PROBLEM DETAILS »
From the first line to the last, output the data exactly as it stands, minus its pictures.

PROVIDED MATERIAL »
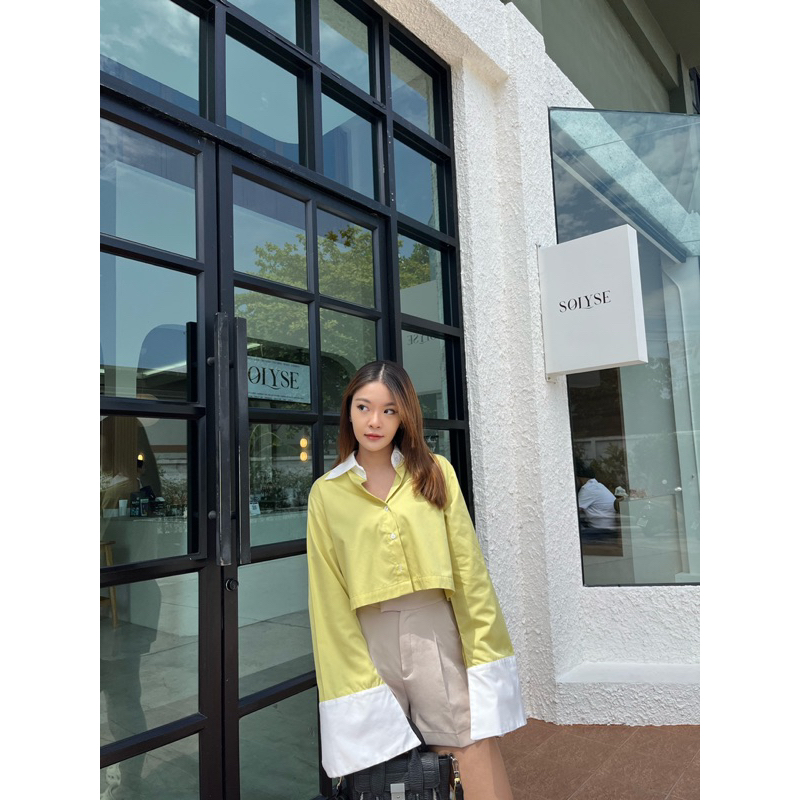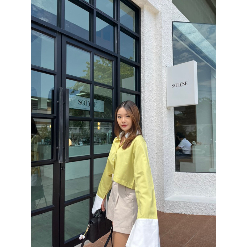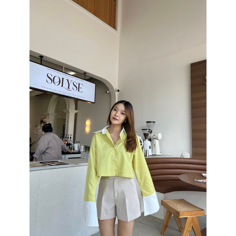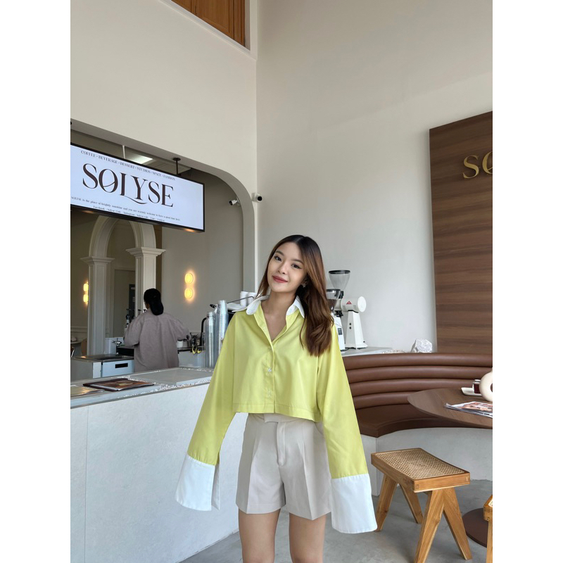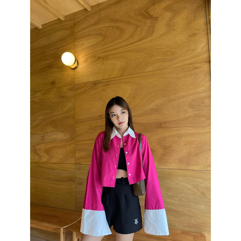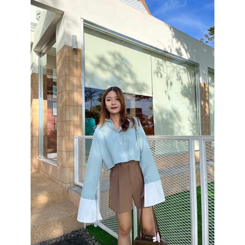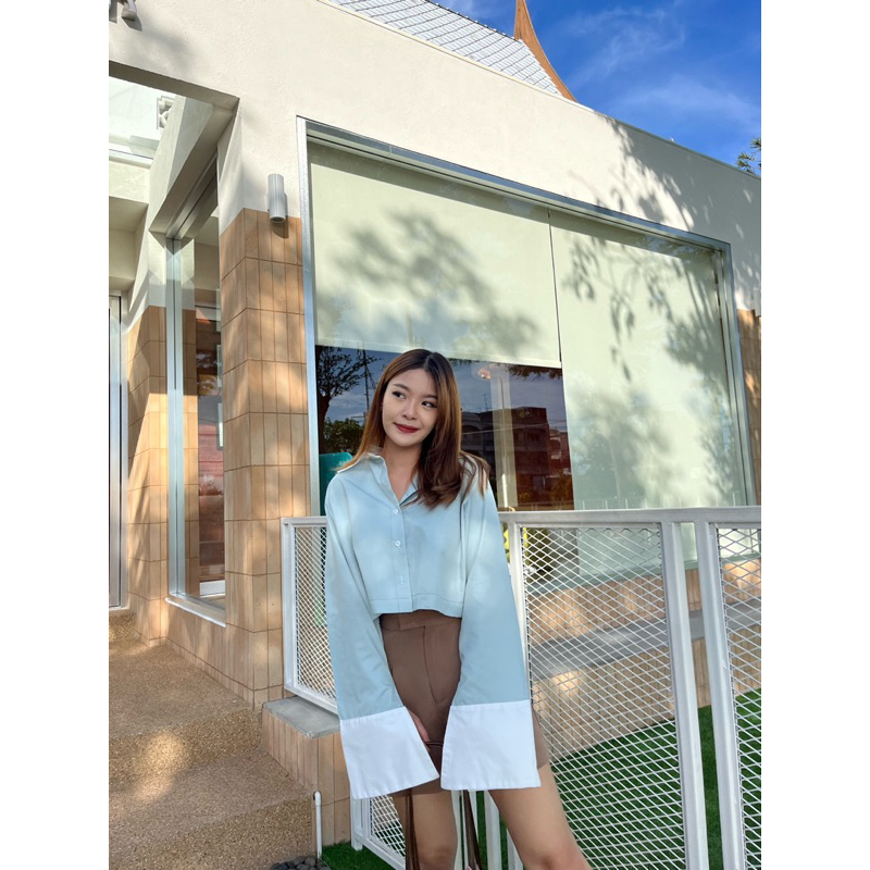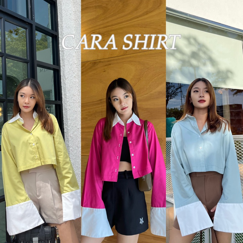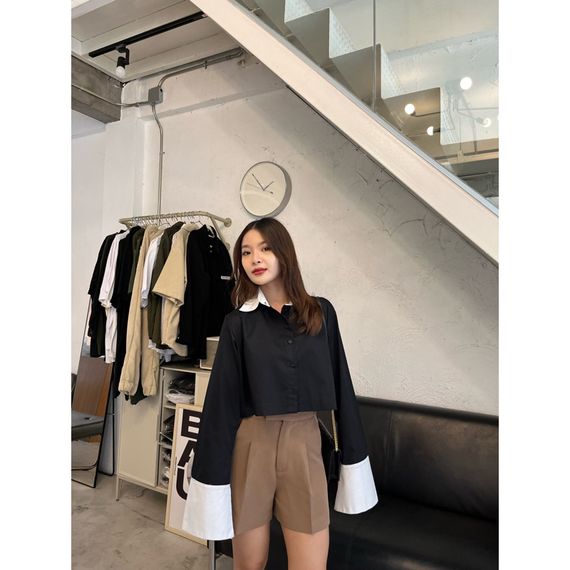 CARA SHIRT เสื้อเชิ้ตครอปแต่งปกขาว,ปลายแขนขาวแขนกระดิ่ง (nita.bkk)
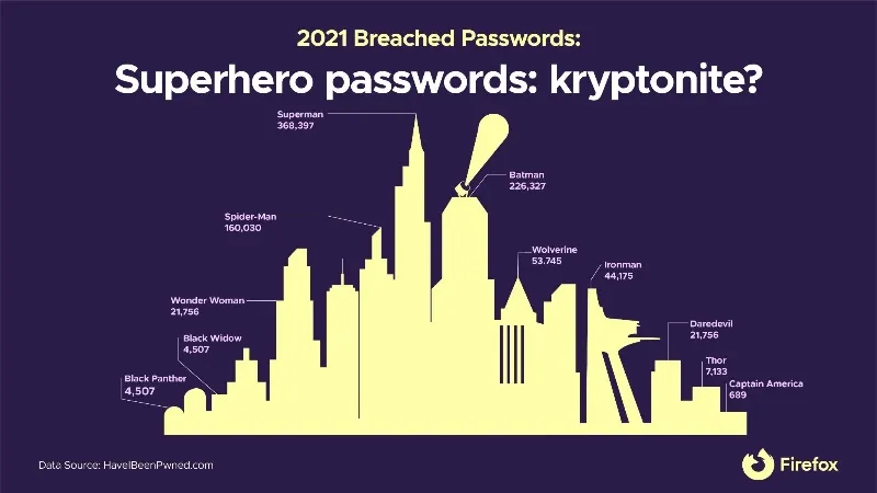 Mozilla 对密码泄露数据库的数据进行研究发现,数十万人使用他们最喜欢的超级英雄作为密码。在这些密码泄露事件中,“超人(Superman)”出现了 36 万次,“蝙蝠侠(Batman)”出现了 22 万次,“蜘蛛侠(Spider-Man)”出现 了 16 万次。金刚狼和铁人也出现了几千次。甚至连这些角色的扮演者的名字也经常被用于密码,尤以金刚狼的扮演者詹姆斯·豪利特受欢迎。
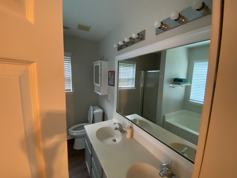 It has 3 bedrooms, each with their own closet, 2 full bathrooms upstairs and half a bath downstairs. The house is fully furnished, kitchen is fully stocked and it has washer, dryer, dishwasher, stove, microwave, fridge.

TASK RESPONSE »
 CARA SHIRT เสื้อเชิ้ตครอปแต่งปกขาว,ปลายแขนขาวแขนกระดิ่ง (nita.bkk)
 Mozilla 对密码泄露数据库的数据进行研究发现,数十万人使用他们最喜欢的超级英雄作为密码。在这些密码泄露事件中,“超人(Superman)”出现了 36 万次,“蝙蝠侠(Batman)”出现了 22 万次,“蜘蛛侠(Spider-Man)”出现 了 16 万次。金刚狼和铁人也出现了几千次。甚至连这些角色的扮演者的名字也经常被用于密码,尤以金刚狼的扮演者詹姆斯·豪利特受欢迎。
 It has 3 bedrooms, each with their own closet, 2 full bathrooms upstairs and half a bath downstairs. The house is fully furnished, kitchen is fully stocked and it has washer, dryer, dishwasher, stove, microwave, fridge.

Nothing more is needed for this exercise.